We have a lot of fun in the kitchen.  There is hardly a day that goes by that we don’t end up laughing at ourselves, and sharing looks of wonder at what we’ve just made.  I feel more alive and more myself than I have in months.  When my dad died suddenly a few months ago, they were right there by my side.  We’ve cried together and laughed together, drank way too much together (water of course, we live at high-altitude).   My roommates, my friends, I owe so much to these people.  I love the ranch, and I thought when I moved back out here to work in the kitchen, that the ranch would sustain me and the kitchen would be just ok (sorry, Chef, but it’s true).  I was wrong, and I’ve never been happier about being wrong.  The little kitchen in which I work and play has become such a happy place for me. 

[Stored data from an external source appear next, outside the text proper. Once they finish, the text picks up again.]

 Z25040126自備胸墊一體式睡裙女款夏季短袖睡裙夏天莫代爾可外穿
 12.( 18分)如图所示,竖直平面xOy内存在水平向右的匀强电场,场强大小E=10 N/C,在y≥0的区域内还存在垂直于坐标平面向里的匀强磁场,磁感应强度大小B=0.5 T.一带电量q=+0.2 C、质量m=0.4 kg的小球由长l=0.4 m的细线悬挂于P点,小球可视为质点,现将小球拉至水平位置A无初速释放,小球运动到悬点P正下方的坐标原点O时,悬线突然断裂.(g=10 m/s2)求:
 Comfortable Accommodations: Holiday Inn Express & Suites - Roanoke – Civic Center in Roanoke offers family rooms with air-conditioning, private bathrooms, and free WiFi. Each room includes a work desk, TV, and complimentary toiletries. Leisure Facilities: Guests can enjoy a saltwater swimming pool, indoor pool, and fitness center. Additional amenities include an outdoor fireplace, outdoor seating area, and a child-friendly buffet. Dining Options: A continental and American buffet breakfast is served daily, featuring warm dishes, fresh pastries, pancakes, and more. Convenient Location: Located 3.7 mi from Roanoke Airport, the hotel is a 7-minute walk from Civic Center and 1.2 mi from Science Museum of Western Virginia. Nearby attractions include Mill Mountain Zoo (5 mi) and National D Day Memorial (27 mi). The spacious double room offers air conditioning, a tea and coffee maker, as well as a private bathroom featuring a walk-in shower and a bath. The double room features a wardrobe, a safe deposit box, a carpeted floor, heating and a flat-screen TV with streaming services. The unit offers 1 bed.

When I look back over my life, at the moment that brought me to the point I’m at today, I sometimes have to pause because never in my wildest dreams would I have imagined myself where I am right now.  I never had large career goals.  I want to work outside and I want to work with children.  Someday, I would like to go back to working with students full time.  As for right now, though, I’m really happy where I’m at.  I get paid to live and work in the Rocky Mountains.  I get to live an hour and a half away from family and friends in Denver, who lovingly offer their couches when I need a break from the isolation of the mountains.  I have amazing mentors, who are patient, kind, and more supportive than I ever could have asked for.  I have friends who cry with me and laugh with me, and make me feel comfortable and confident in my own skin.  The walk up to my house from my driveway sometimes takes a good 5 minutes of struggle through snow up to my knees.  Waking up before the sun comes up sucks.  The nearest grocery store is 30 min away.  Sometimes the food doesn’t turn out like I want it to.  And I love it.  I love the snow, I love early morning shifts and leaving work at 3:00pm, I love having everything I need up on my mountain.  And when things crash and burn in the kitchen (very literally), we problem solve.  It’s exhilarating. 

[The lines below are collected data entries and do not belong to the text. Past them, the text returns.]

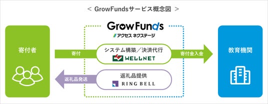 リンベル株式会社(以下リンベル、本社:東京都中央区、代表取締役会長CEO:東海林 秀典)、株式会社アクセスグループ・ホールディングス(東証スタンダード/福証本則・7042)の事業子会社で、人財ソリューション事業、教育機関支援事業を展開する株式会社アクセスネクステージ(以下アクセスネクステージ、本社:東京都渋谷区、代表取締役社長 増田智夫)、決済ソリューションの開発・提供を手掛けるウェルネット株式会社(東証スタンダード/札証本則・2428、以下ウェルネット、本社:北海道札幌市、代表取締役社長 宮澤一洋)は共同で、教育機関に向けて返礼品付き寄付プラットフォーム「GrowFunds」を開発し、本サービスの提供を開始いたしました。
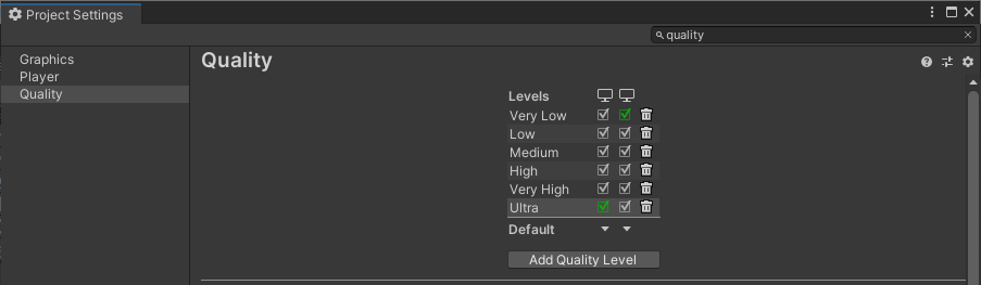 1. Go to __Edit > Project Settings__ and select the [Quality](https://docs.unity3d.com/Manual/class-QualitySettings.html) category.
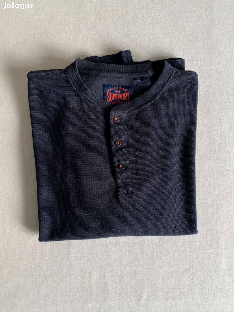 Eladó Superdry férfi gombos nyakú hosszú ujjú póló, sötétkék, kiváló állapotú, L-es méretben.
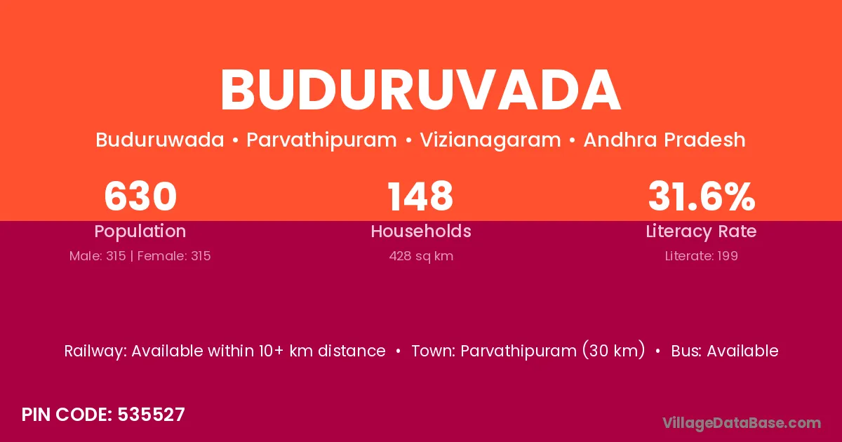 Buduruvada village has a total population of 630 people, of which 315 are males and 315 are females.
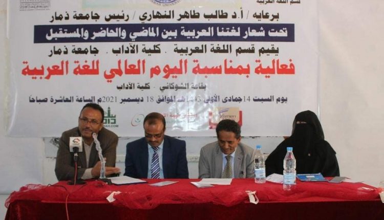 وفي الفعالية التي شارك فيها عدد من الأكاديميين في جامعة ذمار، دعا نائب رئيس الجامعة للشؤون الأكاديمية أ.د. عبد الكريم زبيبه إلى التوسع في خلق ثقافة معرفية باللغة العربية وربط أكثر المجتمع باللغة العربية باعتبارها لغة القران الكريم والحد من ارتفاع منسوب اللهجة العامية في التعاملات اليومية.
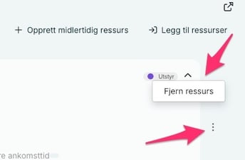 Du kan også fjerne ressurser fra loggen ved å trykke på de tre prikkene på høyre side av ressursen, og velge "Fjern ressurs".
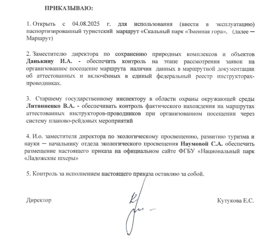 Маршрут «Скальный парк «Змеиная гора» с 4 августа сделали доступным для любителей скалолазания. Об этом сообщили в паблике Национальный со ссылкой на официальный приказ, подписанный директором Еленой Кутуковой.
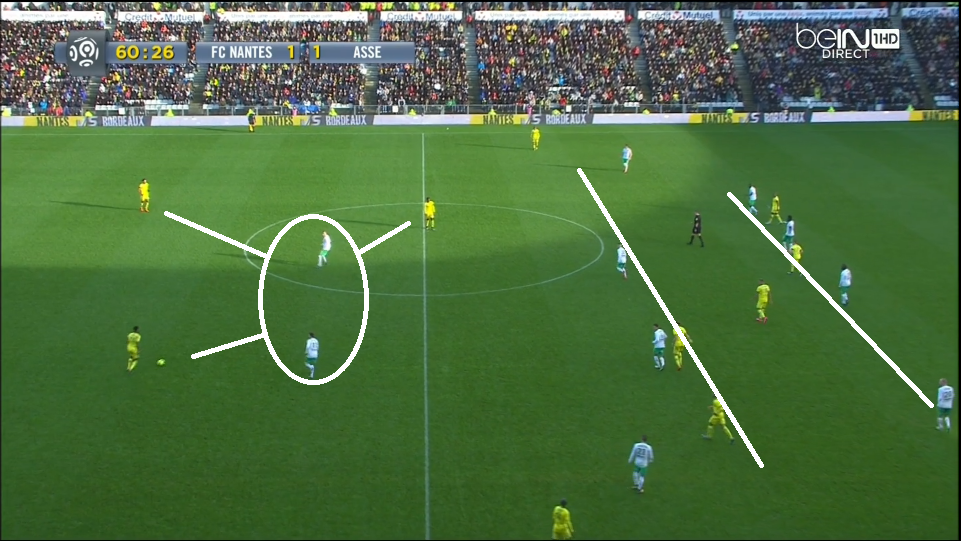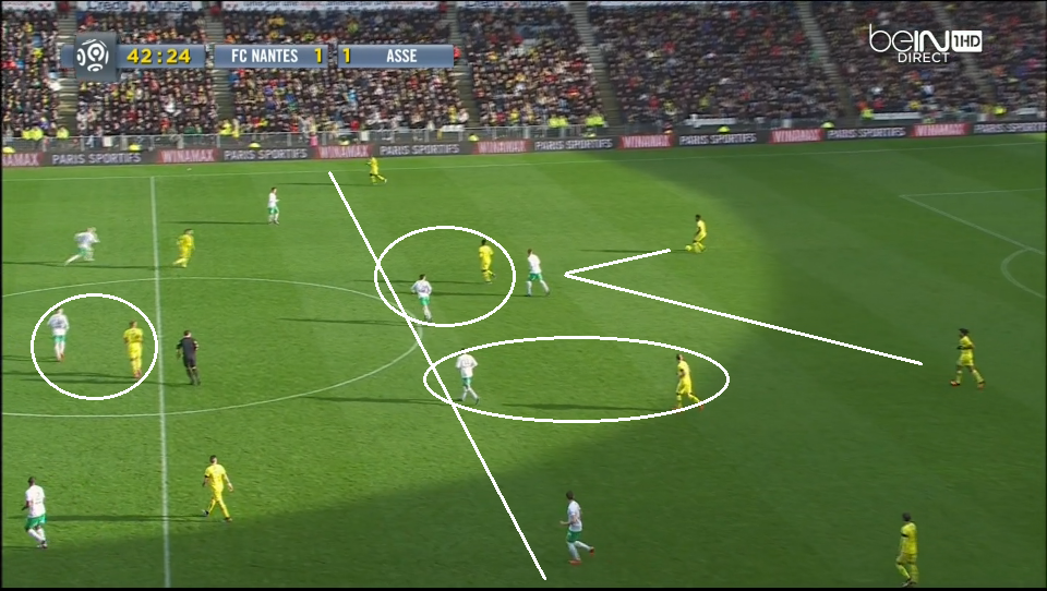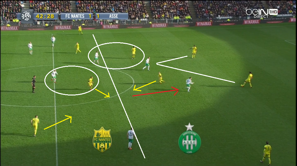 L'idée de faire du pressing n'est pas mauvaise, mais il faut le faire tous ensemble, ou mieux organisés. Comme il y a deux verts qui pressent deux défenseurs, il y a un milieu nantais qui se retrouve seul - au bout de 2 passes simples le ballon lui arrive dans l’entre-jeu...

I definitely miss my camp family and the wonderful world of camp I left behind in order to come out to the mountains.  Someday, I will return to student programming, to group initiatives and ropes courses, to scheduling and facilitating crazy awesome programs.  I’ll make it back to one-on-ones with students over campfires, out of comfort zones.  I may be a bit rusty when I get back into it, but I’ll problem solve when I get there and make the most out of it.  For now, though, for now this is where I want to be, this is what I want to be doing. 

Soon I’ll be off to breakfast in Denver, and then I need to stop by the library and pick up some books.  I’m reading a brief introduction to Indian Philosophy, some essays by Toni Morrison, and Harry Potter and the Prisoner of Azkaban in French (trying to re-learn French for my trip to Europe this summer).  Tonight I’m meeting up with new friends I’ve made at the climbing gym, and tomorrow I’m back to work. 

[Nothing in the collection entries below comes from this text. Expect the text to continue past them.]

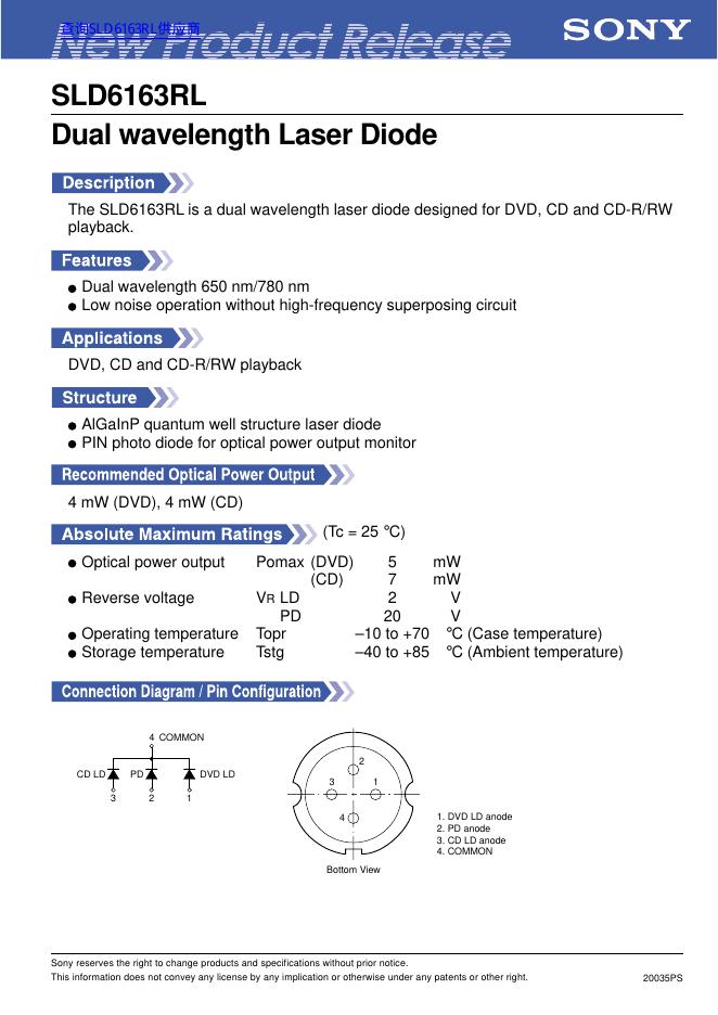 SONY SLD6163RL Dual wavelength Laser Diode 数据手册.pdf
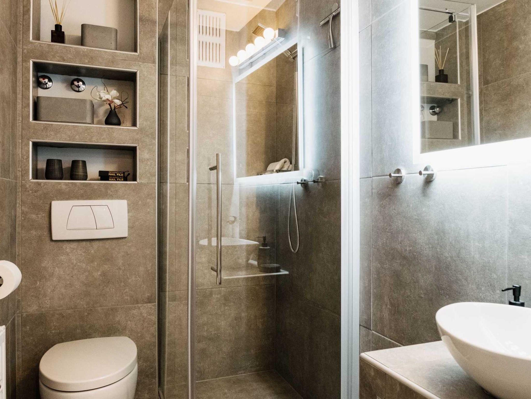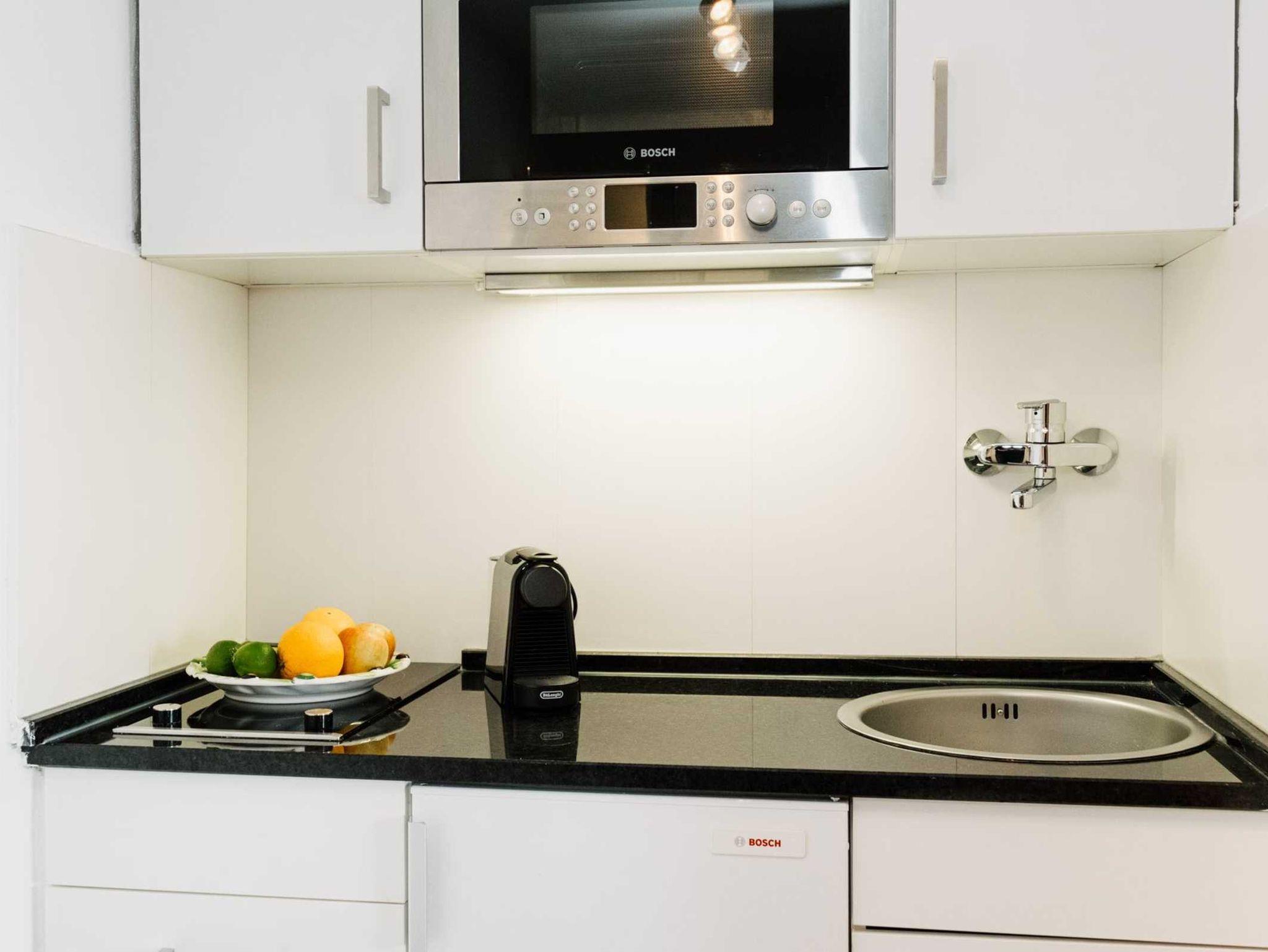 Die kleine separate Küchenzeile verfügt über ein Cerankochfeld, einer Mikrowelle , Nespresso-Kaffeemaschine, Filter-Kaffeemaschine, Wasserkocher und Toaster . Das neue Badezimmer verfügt über eine Regendusche, LED-Badezimmer-Spiegel und WC.
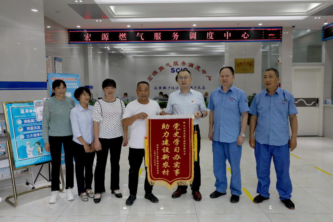 2021年9月15日15:00,文升镇邓诚垭村党支部书记、主任覃春带领村干部代表、用户代表将“党史学习办实事,助力建设新农村”的锦旗送到川投水务集团党委委员、副总经理、宏源公司党委书记、董事长、总经理李旭东的手中,代表全村用户感谢宏源公司为邓诚垭村天然气安装的优质服务和为发展新农村以及乡村振兴建设作出的积极努力与贡献。
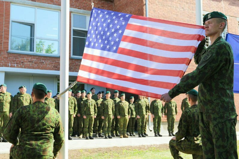 Военнослужащие соседней Литвы склонили колени перед американским флагом.
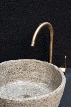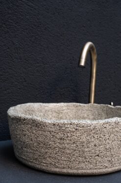 Wabi Sabi Ceramic Washbasin – Handmade Textured Farmhouse Sink – Natural Stone Look Bathroom Vessel Sink

And now you have it.  This is my life.  And my thoughts about it.  Thank you for reading, for staying connected.  I’d love to stay in touch with your lives as well, so shoot me a text, or write me a letter (I love snail mail).  15747 CO-7, Lyons CO.  Thank you for being a part of my journey, and for helping me make sense of this strange and wonderful world.  Sending you all my love, until I get to see you and tell you in person.